Somewhat counter-intuitively, a reliable formula to derive a persons age is to dispense with the date arithmetic altogether and convert the dates to numbers.
SQL> select
2 x.*,
3 case when true_age = calculated_age then 'OK' else 'ERROR' end tag
4 from
5 (
6 select
7 t.*,
8 trunc((to_number(to_char(sys_date,'YYYYMMDD'))-
9 to_number(to_char(birth,'YYYYMMDD')))/10000) calculated_age
10 from t
11 ) x;
BIRTH SYS_DATE TRUE_AGE CALCULATED_AGE TAG
--------- --------- ---------- -------------- -----
12-MAY-00 30-MAR-16 15 15 OK
12-MAY-00 30-MAY-16 16 16 OK
12-MAY-00 12-MAY-16 16 16 OK
12-MAY-00 12-JUN-76 76 76 OK
29-FEB-00 01-MAR-13 13 13 OK
29-FEB-00 29-FEB-16 16 16 OK
29-FEB-00 28-FEB-17 16 16 OK
29-FEB-00 28-FEB-87 86 86 OK
01-JAN-00 31-DEC-87 87 87 OK
9 rows selected.
You can see how this neat little trick works by looking at the components of the expression
SQL> select
2 to_number(to_char(sys_date,'YYYYMMDD')) d1,
3 to_number(to_char(birth,'YYYYMMDD')) d2,
4 to_number(to_char(sys_date,'YYYYMMDD')) -
5 to_number(to_char(birth,'YYYYMMDD')) delt
6 from t;
D1 D2 DELT
---------- ---------- ----------
20160330 20000512 159818
20160530 20000512 160018
20160512 20000512 160000
20760612 20000512 760100
20130301 20000229 130072
20160229 20000229 160000
20170228 20000229 169999
20870228 20000229 869999
20871231 20000101 871130
9 rows selected.
The conversion to numbers means that elements like Feb 28th and Feb 29th are still distinct as opposed to both being seen as “the last day of Feburary” by internal date functions, and (for example on the second last line), the age calculation stay just below 87 as opposed to crossing over the boundary to 87.

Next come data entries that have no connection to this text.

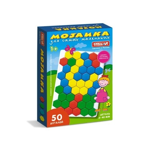 Мозаика d40mm для самых маленьких 50 деталей - это увлекательная развивающая игра предназначена для детей от 1 года. Набор состоит из 50 фишек 4 цветов – зеленого, синего, желтого и красного. Основой для составления рисунков являются своеобразные «соты» - поле размером 330 на 230 мм, на выступы которого надо просто надевать фишки, составляя яркие композиции. Диаметр каждой фишки составляет 40 мм - это оптимальный размер для маленьких ручек. Все детали выполнены из высококачественных материалов, безопасных для ребенка. На коробке имеются примеры изображений, которые можно собрать из деталей мозаики. Рисунки, представленные на упаковке, являются только примером, так как универсальная мозаика раскрывает перед ребенком неограниченные возможности моделирования и создание множества своих собственных рисунков.
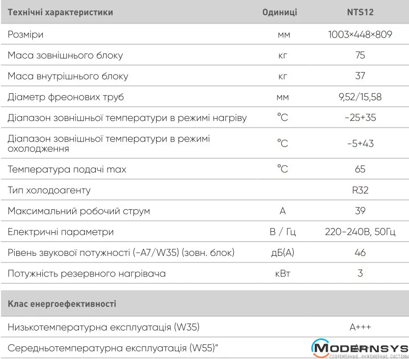 Технические характеристики: Насос тепловой FADO (Фадо) сплит 12 кВт
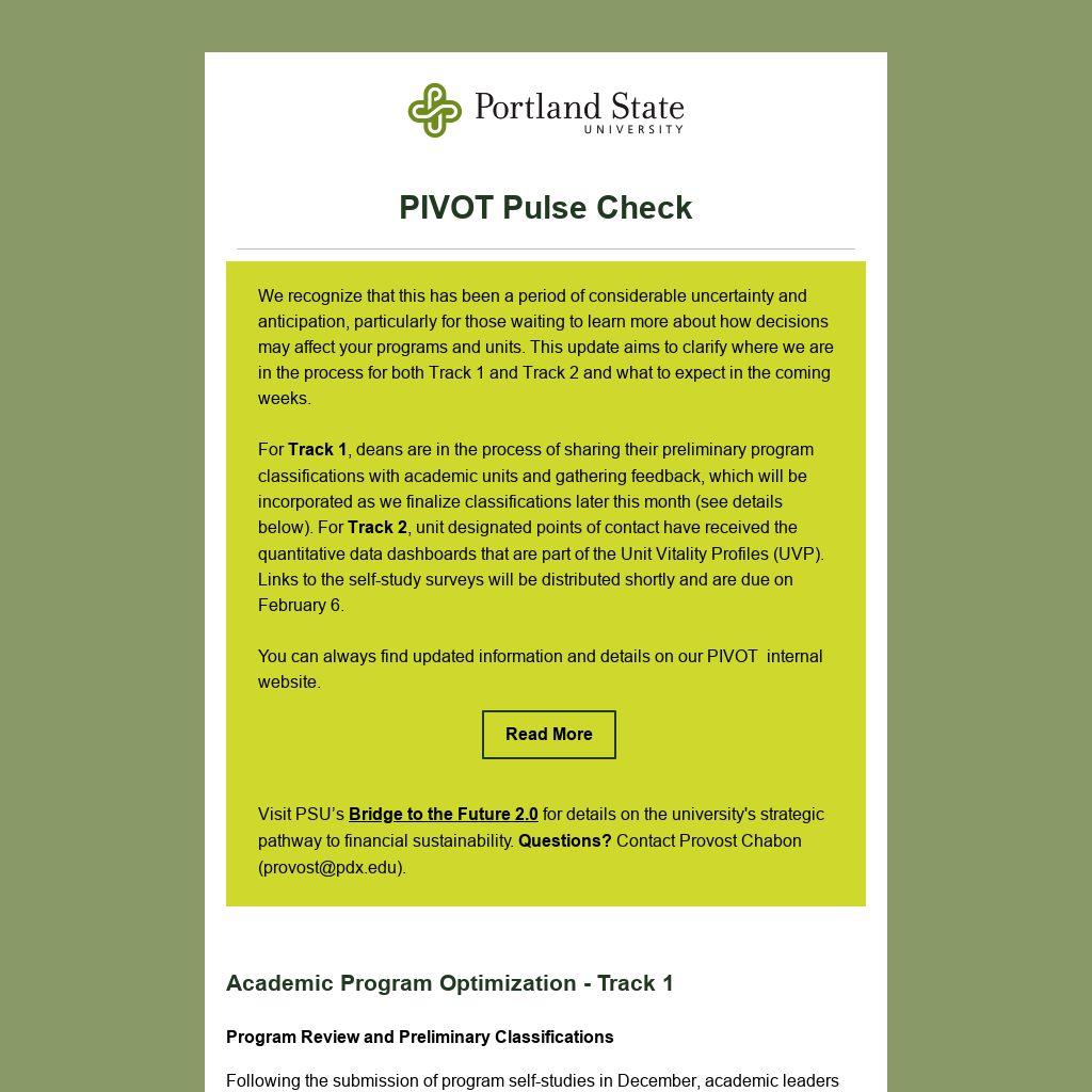 The provost continues to provide regular updates on progress at the bi-weekly Faculty Senate Budget Committee meetings, the President’s Executive Council, as well as with the full Faculty Senate.
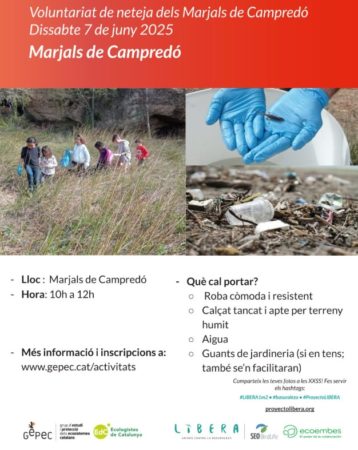 Uneix-te a la jornada de voluntariat del projecte Libera per fer front a la basuraleza (residus en entorns naturals) i posar en valor les marjals de Campredó, un espai d’alt valor ecològic.
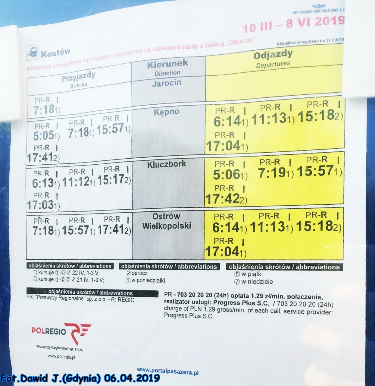 Rozkład jazdy obowiązujący od 10.03.2019 do 08.06.2019.

Now that you have a reliable formula, you can easily add the AGE as a column in a view on your table and not have to worry about the internals.
Why you are using 10000 to findout the age?? May I know the logic
We are converting the dates to YYYYxxxx
So the years are in effect, multiples of 10,000 (because the ‘xxxx’ is capped at 9999). The ‘xxxx’ (ie months/days) becomes the means via which we decide on boundary points, that is, when comparing YYYYxxxx to ZZZZwwww, we only need to care about whether the ‘xxxx’ or greater or less than ‘wwww’ to decide whether a year has “ticked over”. THis way, we dont need to worry about leap years etc etc
I didnt “invent” this – I saw it many years ago somewhere, so apologies for not doing a proper acknowledgement to whoever first used it.